B(0)                                             1 / 1
B(1)                                             1 / 2
B(2)                                             1 / 6
B(4)                                            -1 / 30
B(6)                                             1 / 42
B(8)                                            -1 / 30
B(10)                                            5 / 66
B(12)                                         -691 / 2730
B(14)                                            7 / 6
B(16)                                        -3617 / 510
B(18)                                        43867 / 798
B(20)                                      -174611 / 330
B(22)                                       854513 / 138
B(24)                                   -236364091 / 2730
B(26)                                      8553103 / 6
B(28)                                 -23749461029 / 870
B(30)                                8615841276005 / 14322
B(32)                               -7709321041217 / 510
B(34)                                2577687858367 / 6
B(36)                        -26315271553053477373 / 1919190
B(38)                             2929993913841559 / 6
B(40)                       -261082718496449122051 / 13530
B(42)                       1520097643918070802691 / 1806
B(44)                     -27833269579301024235023 / 690
B(46)                     596451111593912163277961 / 282
B(48)                -5609403368997817686249127547 / 46410
B(50)                  495057205241079648212477525 / 66
B(52)              -801165718135489957347924991853 / 1590
B(54)             29149963634884862421418123812691 / 798
B(56)          -2479392929313226753685415739663229 / 870
B(58)          84483613348880041862046775994036021 / 354
B(60) -1215233140483755572040304994079820246041491 / 56786730
-> 207.252 ms (2365816 allocations: 21.87 MiB)

How can I reduce memory consumption and increase speed?

best regards

Michael

BigInts don’t have a great performance in Julia.
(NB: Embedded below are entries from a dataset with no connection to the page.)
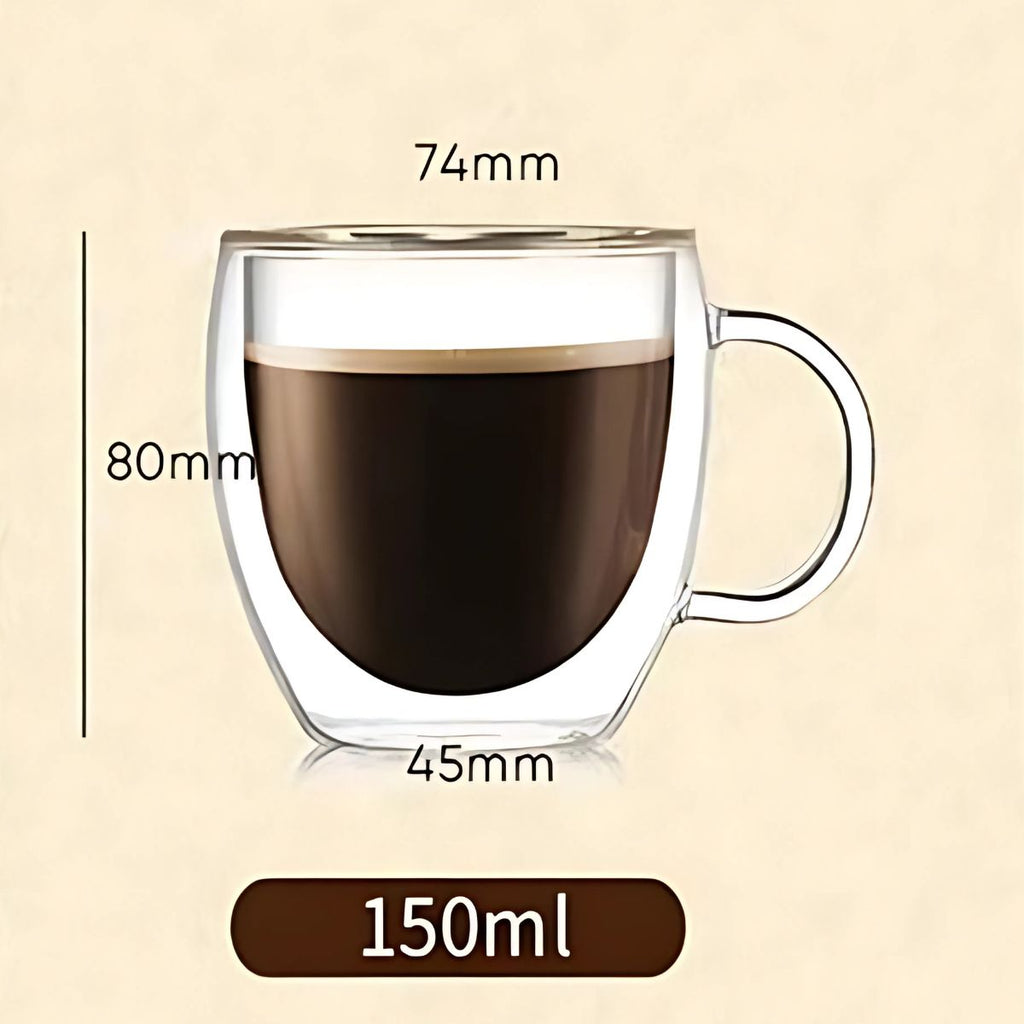 Taza De Vidrio Con Doble Pared Borosilicato. 5Oz (150Ml) Vaso Con Asa Ideal Para Bebidas Calientes. (Unidad)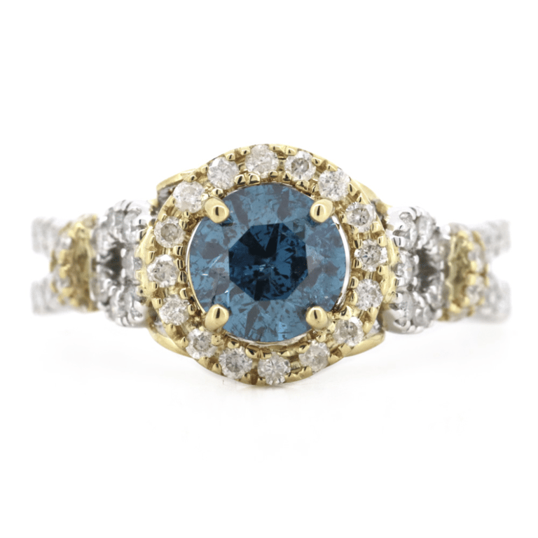 14K WHITE/YELLOW GOLD, FANCY BLUE DIAMOND AND DIAMOND, HALO SPLIT BAND RING.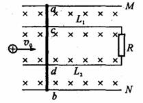 3、简答题 如图所示为某一装置的俯视图,M、N为两个竖直放置的平行金属板,相距为0.4 m,L1和L2为与M、N平行的两根金属导轨(两导轨较细,与M、N上边棱处于同一水平面),L1与M以及L2与N的间距都是0. 1 m,两导轨的电阻不计,其右端接有R="0." 3Ω的电阻.现有一长为0. 4 m、电阻为0.2Ω的均匀金属导体棒ab,棒上的a、b、c、d四点分别与M、 N、L1、L2接触良好,且金属棒ab与金属板M、N正交,整个装置放在竖直向下的匀强磁场中.今有一带正电粒子(不计重力)以v0="7" m/s的初速度平行于极板水平入射.求当金属棒ab向何方向以多大速度运动时,可使带电粒子做匀速直线运动?

Have a look on BitIntegers.jl package. For me this works much better than BigInts (100x faster)

3 Likes

Tested this once and only get error messages like this

LLVM ERROR: Program used external function ‘__umodti3’ which could not be resolved!

best regards

Michael

Very interesting, could you share code that causes the error. It should work. What Julia version are you using?

Also, please mention how you installed Julia. Using the normal binaries or some distro provided installation?
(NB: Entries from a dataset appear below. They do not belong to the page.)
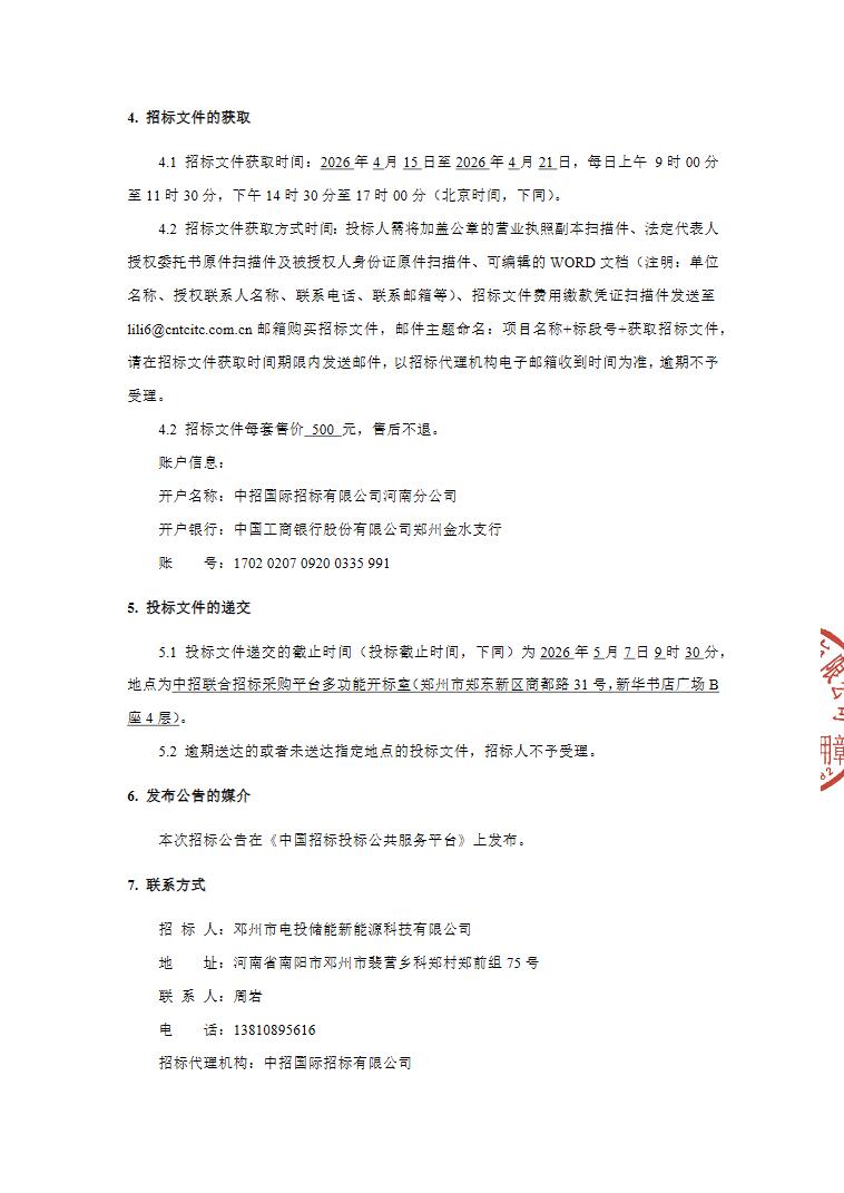 4月14日,邓州市裴营乡200MW/400MWh共享储能项目设计施工总承包及施工监理招标公告发布。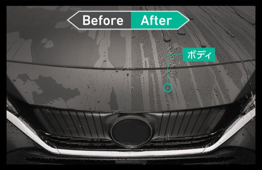 本製品を施工すると、表面にレジン被膜が形成され、強力な撥水効果と深みのある艶をクルマに付与します。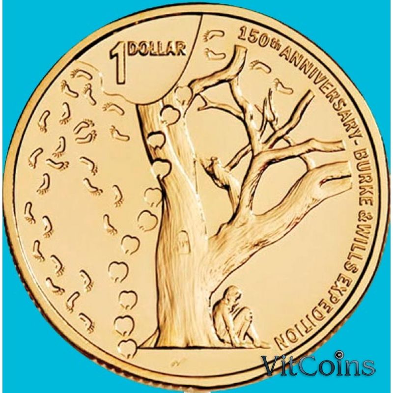 Юбилейная монета Австралия 1 доллар 2010 год. 150 лет экспедиции Бёрка и Уиллса. BU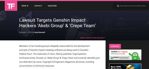 《原神》起诉加拿大外挂作者:要求赔偿五万美元损失,据外媒torrentfreak报道,米哈游的海外子公司Cognosphere在加拿大联邦法院起诉了两

Ahh false alarm . Everything ok. It was a mistake of mine with using @define_integers

best regards

Michael

1 Like

I tried using MutableArithmetics.jl, but while they support BigInt, they don’t yet support Rational{BigInt}. I tried to add some rudimentary support for Rational{BigInt} and managed to get much better performance:

130.712 ms (2307623 allocations: 43.46 MiB)
19.572 ms (101886 allocations: 1.92 MiB)

where the first is the original script, while the second is the modified one (the full code is below). However, I ended up still needing to use some low-level functions in the final script; maybe there is a better way to do it with MutableArithmetics? (cc @blegat).
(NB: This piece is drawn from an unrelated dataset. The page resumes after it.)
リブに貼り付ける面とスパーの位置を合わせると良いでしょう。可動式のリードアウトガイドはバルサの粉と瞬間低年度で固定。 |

It’s my first attempt at using the package, although I’ve wanted to for awhile, since it looks very cool.

Full code
using MutableArithmetics, BenchmarkTools

@eval MutableArithmetics begin
mutability(::Type{Rational{BigInt}}) = IsMutable()
mutable_copy(x::Rational{BigInt}) = deepcopy(x)

# zero
promote_operation(::typeof(zero), ::Type{Rational{BigInt}}) = Rational{BigInt}
mutable_operate!(::typeof(zero), x::Rational{BigInt}) = (mutable_operate!(zero, x.num); mutable_operate!(one, x.den); x)

# one
promote_operation(::typeof(one), ::Type{Rational{BigInt}}) = Rational{BigInt}
mutable_operate!(::typeof(one), x::Rational{BigInt}) = (mutable_operate!(one, x.num); mutable_operate!(one, x.den); x)

function mutable_operate_to!(output::BigInt, ::typeof(gcd), x::BigInt, y::BigInt)
Base.GMP.MPZ.gcd!(output, x, y)
end

function mutable_operate!(::typeof(gcd), x::BigInt, y::BigInt)
Base.GMP.MPZ.gcd!(x, y)
end

function mutable_operate_to!(output::BigInt, ::typeof(div), x::BigInt, y::BigInt)
Base.GMP.MPZ.tdiv_q!(output, x, y)
end

function mutable_operate!(::typeof(div), x::BigInt, y::BigInt)
Base.GMP.MPZ.tdiv_q!(x, y)
end
# +, -
promote_operation(::Union{typeof(+), typeof(-)}, ::Rational{BigInt}, ::Rational{BigInt})  = Rational{BigInt}

buffer_for(::Union{typeof(+), typeof(-)}, ::Rational{BigInt}, ::Rational{BigInt}) = BigInt()

function mutable_operate_to!(output::Rational{BigInt}, op::Function, x::Rational{BigInt}, y)
return mutable_buffered_operate_to!(buffer_for(op, x, y), output, op, x, y)
end

function mutable_buffered_operate_to!(buffer::BigInt, output::Rational{BigInt}, op::Union{typeof(+), typeof(-)}, x::Rational{BigInt}, y::Rational{BigInt})
# non-mutating algorithm:
# g = gcd(x.den, y.den)
# xd = div(x.den, g)
# yd = div(y.den, g)
# op(x.num * yd, y.num * xd) // (x.den * yd)

mutable_operate_to!(buffer, gcd, x.den, y.den) # buffer = g = gcd(x.den, y.den)
mutable_operate_to!(output.num, div, x.den, buffer) # output.num = xd = div(x.den, g)
mutable_operate_to!(output.den, div, y.den, buffer) # output.den = yd = div(y.den, g)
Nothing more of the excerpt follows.